Yurtdışında yapılan uluslararası optik fuarlarını ve sektörel gelişmeleri takip ediyor musunuz?
Evet, fırsat buldukça katılıp sektörel gelişmelerle en yeni teknolojileri ve trendi takip etmeye çalışıyorum. Paris ve Milano’daki fuarlarda birkaç kez bulundum.

18-21 Aralık 2021 tarihleri arasında gerçekleşen Silmo İstanbul Optik Fuarı hakkındaki görüş ve değerlendirmeleriniz nelerdir?
Özellikle bu yıl yapılan Silmo İstanbul yurtdışındaki örneklerini aratmayan, tedarikçi ve perakendeciyi bir araya getirerek ülke içindeki meslektaşlarımızla sektöre dair görüş alışverişi yapmamızı sağlayan önemli bir organizasyondu. Biz de Gözbir çatısı altında hem katılımcı hem ziyaretçi olarak fuarda bulunma şansı yakaladık. Büyük bir sektör olduğumuz ve bu tür iletişim imkanlarını az yakalayabildiğimiz için değerli bir fuar olduğunu söyleyebilirim.

Dergimiz ‘4 your eyes’ ile ilgili neler söylemek istersiniz?

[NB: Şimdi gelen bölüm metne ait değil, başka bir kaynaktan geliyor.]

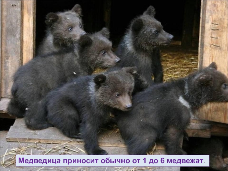 Слайд 36Медведица приносит обычно от 1 до 6 медвежат.

4 your eyes uzun yıllardır Türkiye’de gözlükçülüğü ve farklı illerdeki meslektaşlarımızın görüşlerini takip ettiğimiz değerli bir yayın kuruluşu. Birçok meslektaşımızda olduğu gibi bizim de mağazalarımızda bulunmasından memnuniyet duyuyoruz. İyi ki varsınız.